Situations like this are known as hypothesis testing. Here, we have a hypothesis that the drink has been made correctly, and we will reject this hypothesis if the probability of what’s actually happened (or anything more extreme than this), supposing the hypothesis is true, is too small.
Often, people will consider \(5\%\) to be a suitable cut-off level for hypothesis testing, in which case Al would not conclude that his drink is faulty, at least not yet, because \(13.2\%\) is not as low as \(5\%\).
Similar calculations show that \(X = 8\) is the smallest value for which the corresponding probability drops below \(5\%\).
Whereas \(P(X \geq 7) = 5.9\%\), correct to \(1\) decimal place, which is greater than \(5\%\), the next probability, if Al tastes one more non-cherry bubble, \(P(X \geq 8) = 3.9\%\), correct to \(1\) significant figure, which is less than \(5\%\).
So, if Al did not obtain a cherry bubble after tasting \(8\) bubbles, it might be reasonable for him to conclude that his drink does not contain equal quantities of strawberry, raspberry and cherry bubbles.
5.7.16 Analyse a game
The following game is fun to play but challenging to analyse:72,73
Two players take turns to roll an ordinary die.
Starting on ‘Start’ on the grid below, they each move the number of spaces shown on the die.
To win, a player must land exactly on \(10\), not overshoot it.
If the winner wins \(£1\), how much would it be fair to charge people to play?
This is a complicated game to analyse, because we can get to \(10\) in many different ways, involving different numbers of throws.
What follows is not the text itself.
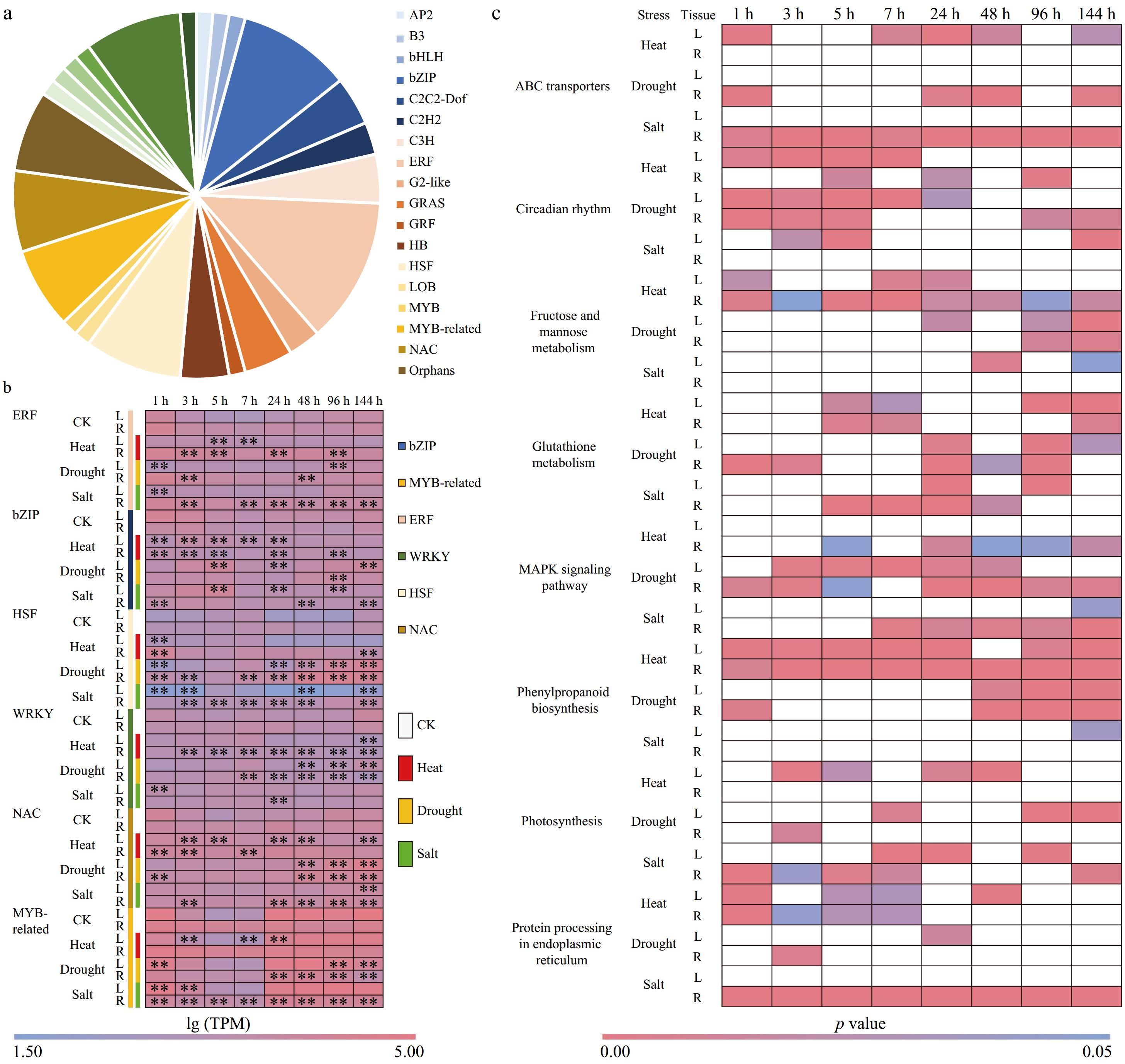 TFs and KEGG pathways identified both under high temperature, drought and salt stress. (a) The ratio of specific TFs to differentially expressed TFs (70 TFs) in response to the three stresses showed that the proportion of ERFs, bZIPs, HSFs, and WRKYs gene families was 2.87% (9/70), 10% (7/70), 8.57% (6/70), and 8.57% (6/70), respectively. (b) Expression patterns of TFs in leaves and roots of Pearl millet responding to three stresses at eight time points. (c) The KEGG pathway was identified in all three types of stress (high temperature, drought and salt stress). The white square represents p value > 0.05.

It is easiest to think about the probabilities of getting to the numbers \(1\)-\(6\) first.
There is only one way to reach \(1\), which is by rolling a \(1\), which has a probability of \(\displaystyle \frac{1}{6}\) of happening.
There are two ways to get to \(2\): roll a \(2\) or roll two \(1\)s, with probabilities \(\displaystyle \frac{1}{6}\) and \(\displaystyle \left( \frac{1}{6} \right)^{2}\), so the probability of getting to \(2\) is the sum of these.
We can continue thinking in this way, drawing on our knowledge of Pascal’s triangle (Chapter 2), to obtain the probabilities shown in the table below.
\[ \begin{array}{clc} \hline n & p_n & p_n \text{ (correct to 3 decimal places)} \\ \hline 1 & \left( \frac{1}{6} \right) & 0.167 \\ 2 & \left( \frac{1}{6} \right) + \left( \frac{1}{6} \right)^{2} & 0.194 \\ 3 & \left( \frac{1}{6} \right) + 2\left( \frac{1}{6} \right)^{2} + \left( \frac{1}{6} \right)^{3} & 0.227 \\ 4 & \left( \frac{1}{6} \right) + 3\left( \frac{1}{6} \right)^{2} + 3\left( \frac{1}{6} \right)^{3} + \left( \frac{1}{6} \right)^{4} & 0.265 \\ 5 & \left( \frac{1}{6} \right) + 4\left( \frac{1}{6} \right)^{2} + 6\left( \frac{1}{6} \right)^{3} + 4\left( \frac{1}{6} \right)^{4} + \left( \frac{1}{6} \right)^{5} & 0.309 \\ 6 & \left( \frac{1}{6} \right) + 5\left( \frac{1}{6} \right)^{2} + 10\left( \frac{1}{6} \right)^{3} + 10\left( \frac{1}{6} \right)^{4} + 5\left( \frac{1}{6} \right)^{5} + \left( \frac{1}{6} \right)^{6} & 0.360 \\ \hline \end{array} \]
The pattern changes after \(n = 6\), because we cannot get to \(7\) in one roll by rolling a \(7\), because there is no \(7\) on an ordinary die. So, we now think inductively.
For \(n > 6\), we can roll a \(1\) from the \(n - 1\) square, or a \(2\) from the \(n - 2\) square, or a \(3\) from the \(n - 3\) square, or a \(4\) from the \(n - 4\) square, or a \(5\) from the \(n - 5\) square, or a \(6\) from the \(n - 6\) square, and those are the only possible ways to get there, because you can’t move further than \(6\) squares in one roll.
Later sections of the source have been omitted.